%%
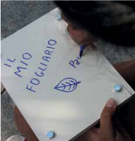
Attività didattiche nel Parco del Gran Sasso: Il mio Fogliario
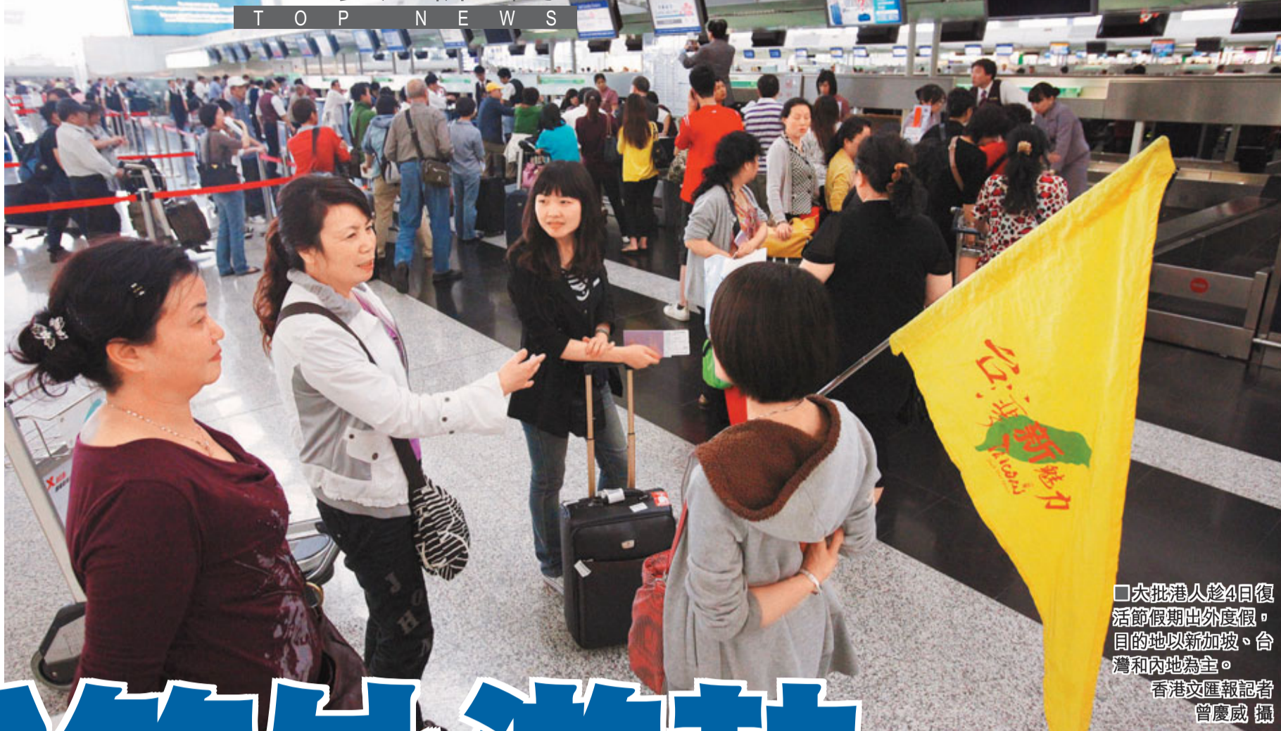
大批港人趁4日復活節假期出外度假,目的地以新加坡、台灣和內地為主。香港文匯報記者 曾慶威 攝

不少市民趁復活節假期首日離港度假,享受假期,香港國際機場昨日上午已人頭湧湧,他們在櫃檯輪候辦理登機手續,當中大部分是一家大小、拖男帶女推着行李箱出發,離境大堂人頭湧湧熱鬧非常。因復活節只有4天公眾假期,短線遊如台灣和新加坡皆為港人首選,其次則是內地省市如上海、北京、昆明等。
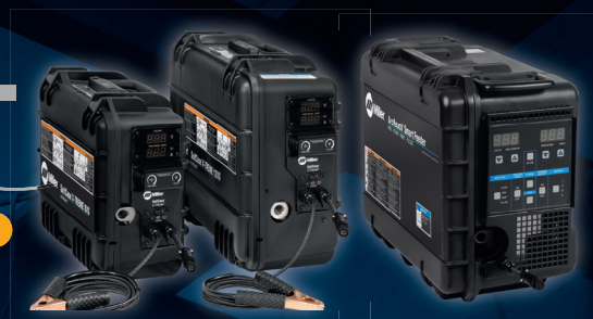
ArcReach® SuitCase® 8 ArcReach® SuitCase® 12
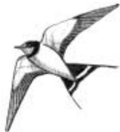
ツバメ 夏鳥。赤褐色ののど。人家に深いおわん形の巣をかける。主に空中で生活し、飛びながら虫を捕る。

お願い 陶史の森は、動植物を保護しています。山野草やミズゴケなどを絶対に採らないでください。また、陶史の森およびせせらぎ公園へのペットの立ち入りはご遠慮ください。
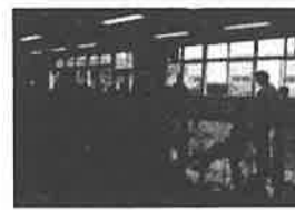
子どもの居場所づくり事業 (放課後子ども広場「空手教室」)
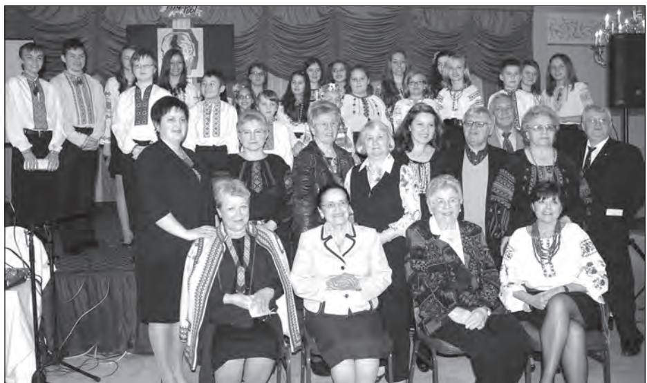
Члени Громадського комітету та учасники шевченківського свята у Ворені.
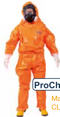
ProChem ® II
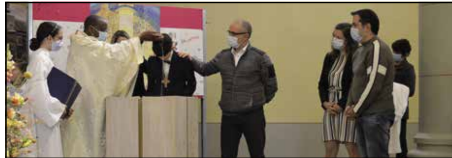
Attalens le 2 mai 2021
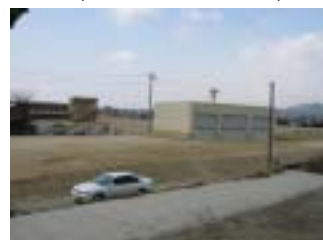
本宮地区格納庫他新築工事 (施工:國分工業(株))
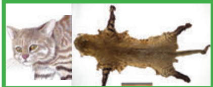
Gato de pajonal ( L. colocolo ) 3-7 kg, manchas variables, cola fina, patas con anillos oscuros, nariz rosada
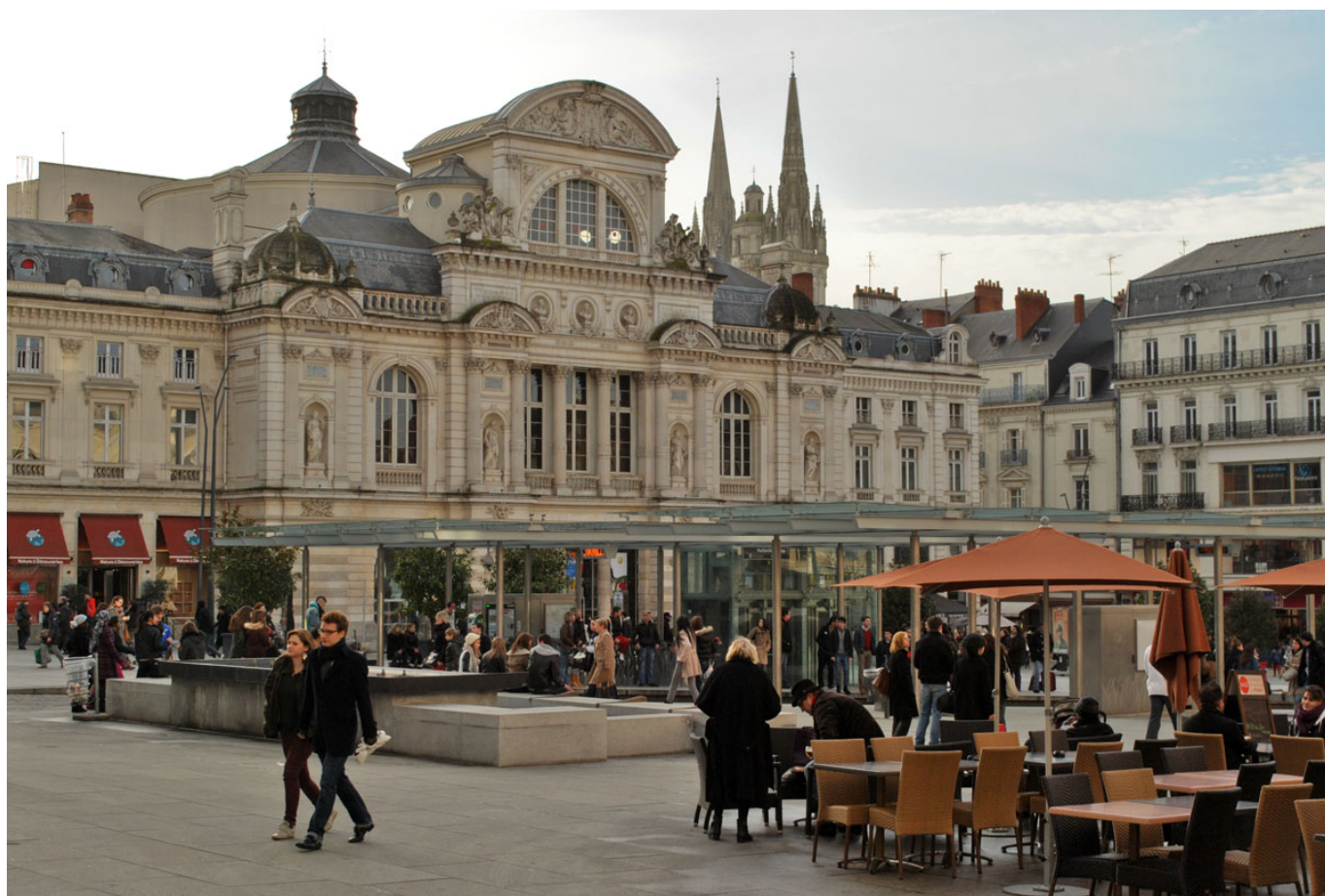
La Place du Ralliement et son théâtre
%%
%%
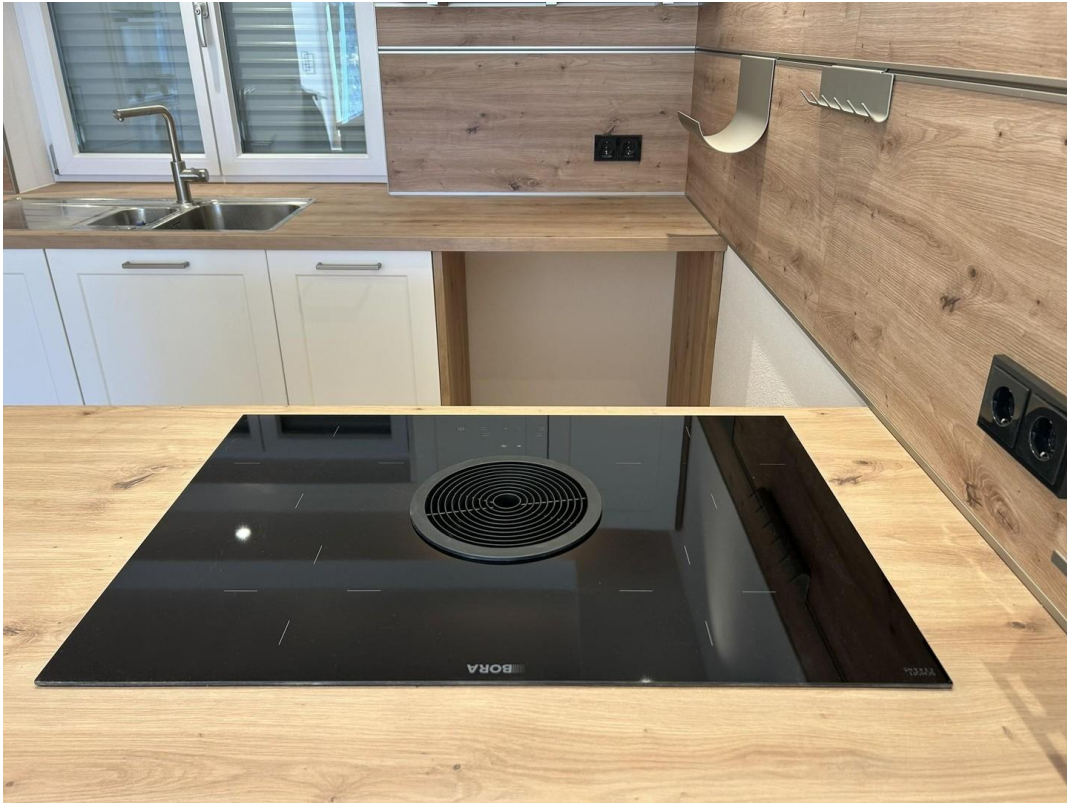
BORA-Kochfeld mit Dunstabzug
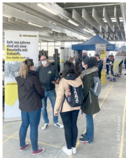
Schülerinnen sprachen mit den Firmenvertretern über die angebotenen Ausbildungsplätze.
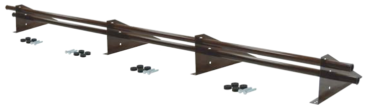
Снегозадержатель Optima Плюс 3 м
%%
What to do →
Exactly as written above, retype the lines starting at the one holding "Attività didattiche nel" and ending at the one holding "本宮地区格納庫他新築工事 (施工:國分工業(株))", both included, but not the pictures.

The answer →
Attività didattiche nel Parco del Gran Sasso: Il mio Fogliario
大批港人趁4日復活節假期出外度假,目的地以新加坡、台灣和內地為主。香港文匯報記者 曾慶威 攝

不少市民趁復活節假期首日離港度假,享受假期,香港國際機場昨日上午已人頭湧湧,他們在櫃檯輪候辦理登機手續,當中大部分是一家大小、拖男帶女推着行李箱出發,離境大堂人頭湧湧熱鬧非常。因復活節只有4天公眾假期,短線遊如台灣和新加坡皆為港人首選,其次則是內地省市如上海、北京、昆明等。
ArcReach® SuitCase® 8 ArcReach® SuitCase® 12
ツバメ 夏鳥。赤褐色ののど。人家に深いおわん形の巣をかける。主に空中で生活し、飛びながら虫を捕る。

お願い 陶史の森は、動植物を保護しています。山野草やミズゴケなどを絶対に採らないでください。また、陶史の森およびせせらぎ公園へのペットの立ち入りはご遠慮ください。
子どもの居場所づくり事業 (放課後子ども広場「空手教室」)
Члени Громадського комітету та учасники шевченківського свята у Ворені.
ProChem ® II
Attalens le 2 mai 2021
本宮地区格納庫他新築工事 (施工:國分工業(株))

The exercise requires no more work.